We’re now going to look at part
b). Here, it helps us to understand the
definition of the phrase half-life. It’s the time taken for the
radioactivity of the isotope to fall to half of its original value. In our case, that’s half of
250. That’s 125 milligrams. We need to work out for what value
of 𝑡 𝑚 is equal to 125. We therefore set 𝑚 equal to 125
and solve for 𝑡.
We see that 125 equals 250 times 𝑒
to the power of negative 0.013𝑡. We then divide both sides of this
equation by 250. 125 divided by 250 is 0.5. So, we see that 0.5 equals 𝑒 to
the power of negative 0.013𝑡. We then take the natural logarithm
of both sides of this equation to get the natural log of 0.5 equals the natural log
of 𝑒 to the power of negative 0.013𝑡. But of course, the natural log of
𝑒 to the power of negative 0.013𝑡 is just negative 0.013𝑡. And so, our final step is to divide
both sides of this equation by negative 0.013. That gives us 𝑡 equals 53.319
minutes which, correct to the nearest minute, is 53 minutes.

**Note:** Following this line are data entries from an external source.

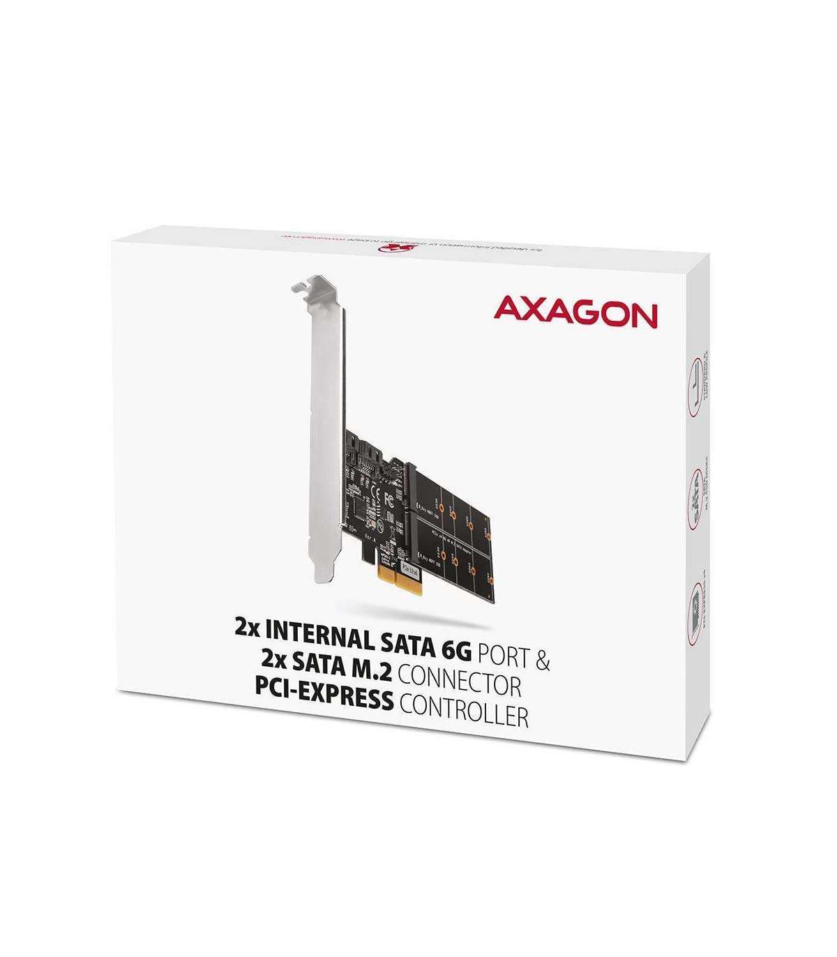 The AXAGON PCES-SA4M2 PCI-Express controller extends your desktop PC with two SATA III ports and two slots for SATA M.2 disks with a transmission rate up to 6Gb/s. The combination of a two-port SATA III controller and two SATA M.2 slots makes the card a very useful device for expanding your computer. You can easily connect up to four disks, such as two 3.5" disks or optical drives and two SATA M.2 disks.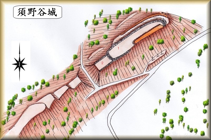 須野谷城の城主等、歴史については未詳であるが、石垣などがしっかりと構築されており、恒久的城郭として築かれたものであったと思われる。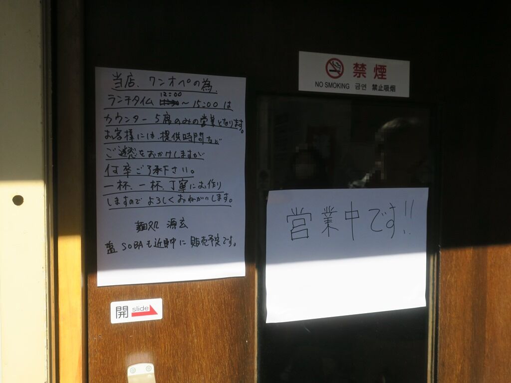 2020年2月8日オープン。店主さんは三つ葉亭・鶏そばそると出身。旨そうなオーラビンビンで、店休日不明ながら行ってみた。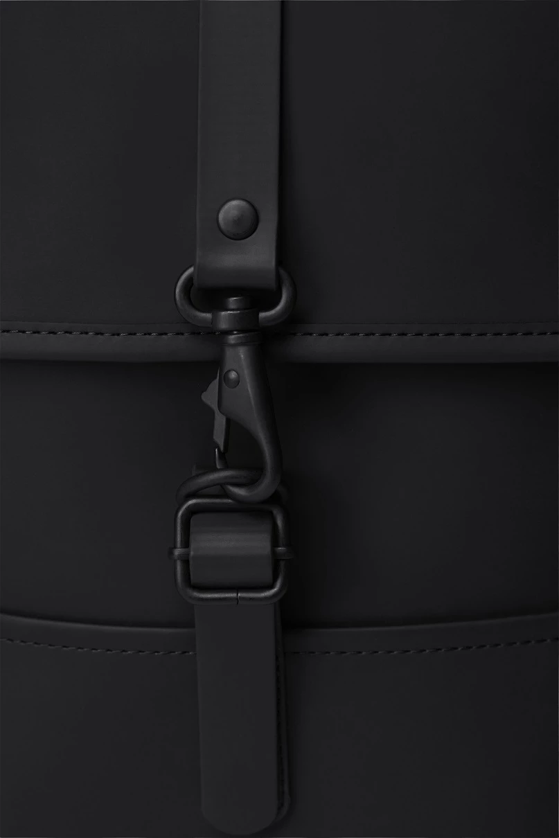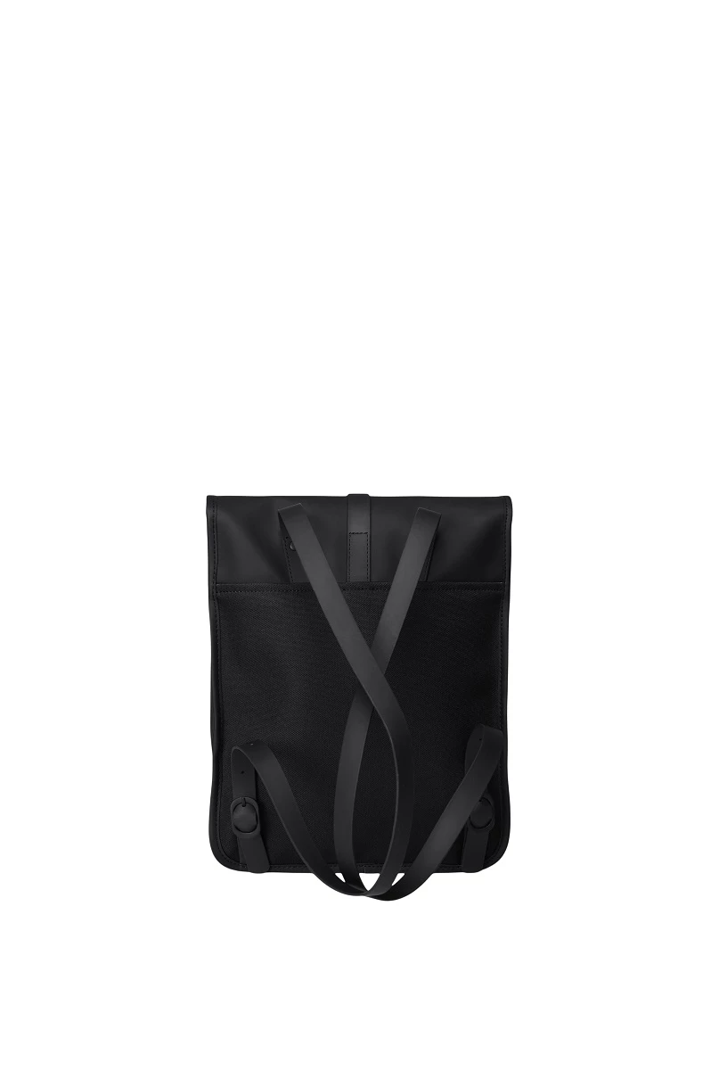 Mochila de la marca RAINS, el tamaño mas pequeño de todos (micro).Compartimento principal único, y bolsillo trasero de seguridad. Bolsillo interno con cremallera. Correas de la espalda engomadas y regulables. Solapa superior con cierres a presion magneticos , y luego con el caracteristico mosqueton . Su confección con poliuretano la hace toatlmente impermeable. Capacidad para ordenador de 11″ .Color Negro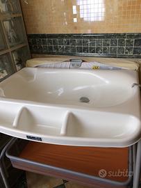 Fasciatoio con vaschetta Cam, piano fasciatoio reclinabile lateralmente per accedere alla vaschetta. Ampio ripiano inferiore per riporre pannolini, accappatoio ecc.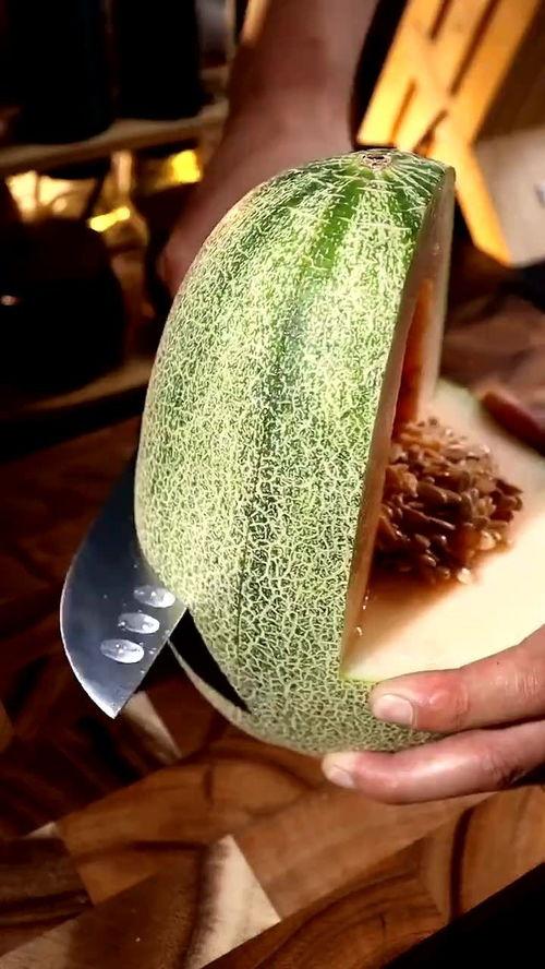选好了哈密瓜,接下来就是切瓜环节了。这里有个小技巧,可以让你的哈密瓜切得又快又好。首先,用刀在哈密瓜的蒂部切一个小口,然后沿着瓜的长度方向切一刀,但不要切到底。接着,将哈密瓜翻转过来,用刀沿着瓜的宽度方向切一刀,这样就可以轻松地将哈密瓜分成两半。用勺子将瓜瓤挖出来,再切成你喜欢的形状。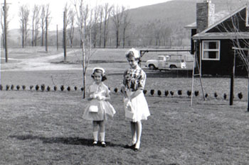 on the left is Lorraine and her sister, both in their Easter Bonnets...The final touch for any Easter outfit would be an Easter Bonnet! In my family that meant a trip to the Betty Sutton Shop** in Bath, NY was in order. Once there, little girls could find a very special straw boater perched high upon glass shelving. Its brim would be encircled with bright gross-grain ribbon. Once placed upon my head to check fit, two long streamers of ribbon would hang down my back giving me the feeling of a royal train and me a grand lady. Artificial spring flowers would surround the crown of my hat and these flowers and ribbon would coordinate with my new dress. The next year pansies or violets might show up on my new hat and some years even a whole tossed salad of flowers and greens. Once purchased, I would carry the bonnie thing home in its coordinating hatbox that denoted in pretty script the manufacturer of the hat and the store name.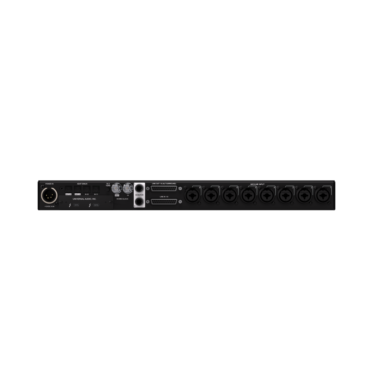 - Eight UnisonTM mic preamps, two Hi-Z instrument inputs, DB-25 input (line 1-8), two optical Toslink I/O (ADAT S/MUX or S/PDIF), word clock I/O (BNC)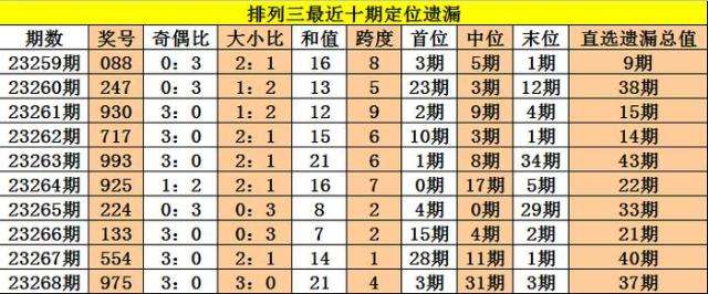 开奖回顾:排列三第2023268期奖号:975,定位直选遗漏值3期、31期、3期,遗漏总值为37期。

In this video, we’ve learned that
we can solve differential equations of the form d𝑃 by d𝑡 equals 𝑘𝑃 by writing
them in the form one over 𝑃 d𝑃 equals 𝑘 d𝑡 and integrating both sides. When we do, we see that the
solution is of the form 𝑃 equals 𝑃 nought 𝑒 to the 𝑘𝑡, where 𝑃 of zero equals
𝑃 nought. We saw that whilst it’s useful to
be able to derive the formula, it’s absolutely fine to quote it and apply it to
problems involving exponential growth and decay.